Kontribusi Muslim terhadap Kemajuan Eropa

Ketika  mencari tulisan tentang wayang Dewi Ratih, aku menemukan tulisan yang kutulis ketika aku mengikuti kelas mata kuliah Ikhtisar Sejarah Kebudayaan Arab. Tulisan ini mengingatkanku bahwa Islam pernah berjaya dan memberikan pengaruh yang signifikan terhadap perkembangan ilmu pengetahuan dan kehidupan sosial masyarakat Eropa yang saat itu sedang berada dalam Masa Kegelapan. Tulisan ini sudah mengalami proses edit ulang.

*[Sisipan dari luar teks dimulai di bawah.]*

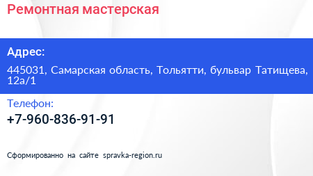 Ремонтная мастерская по адресу 445031, Самарская область, Тольятти, бульвар Татищева, 12а/1 в дальнейшем Организация, размещена в следующих категориях:

Pada akhir abad ke-11, orang Kristen mulai berjalan ke Suriah untuk merebut kekuasaan umat Islam. Pada saat itu, masyarakat muslim tengah berada pada perpecahan dan pertikaian. Perang Salib menggambarkan reaksi orang Kristen di Eropa terhadap muslim di Asia yang telah menyerang dan menguasai wilayah Kristen sejak 632, tidak hanya di Suriah dan Asia Kecil, tetapi juga di Spayol dan Sisilia.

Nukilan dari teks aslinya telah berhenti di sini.